Arranquei-a, montei um sistema de refrigeração automático
para que nunca tivesse sede ou fome e tratei-a como um bebé frágil e que a
única coisa que precisa de conhecer é afecto.
As suas folhas brancas e gordas começaram a colorir-se de um
rosa forte. E o seu caule verde com uma folha catita ao estilo de desenho
animado começou a ganhar vida e a dançar ao som da música.

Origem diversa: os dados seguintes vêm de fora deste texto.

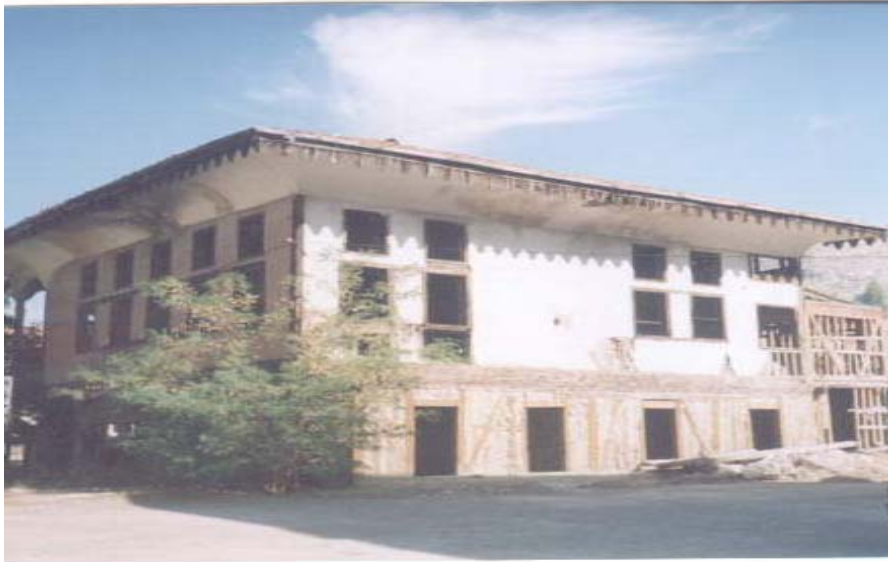
Tokat Mevlevîhânesi'nin Doğu Kısmı
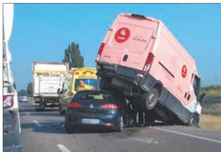
Estat en el que van quedar el cotxe i la furgoneta a l'N-240
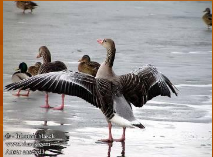
Цапли и гуси летят шеренгой

Apaixonei-me pela flor, tanto tanto que já não a poderia
largar nem deixar nas mãos de outro.
Levei-a a passear pelo parque, ensinei-a a andar de
bicicleta, mostrei-lhe que as pipocas salgadas são melhores que as doces e
comprei-lhe uns patins iguais aos meus.
Passou a fazer parte da minha vida e era o que me fazia
feliz.
Não poderia guardá-la em nenhum lugar mais seguro do que na
minha vida.
E foi aí que,
vendo os teus olhos tão brilhantes e sorridentes,
estiquei os dois braços e ta dei.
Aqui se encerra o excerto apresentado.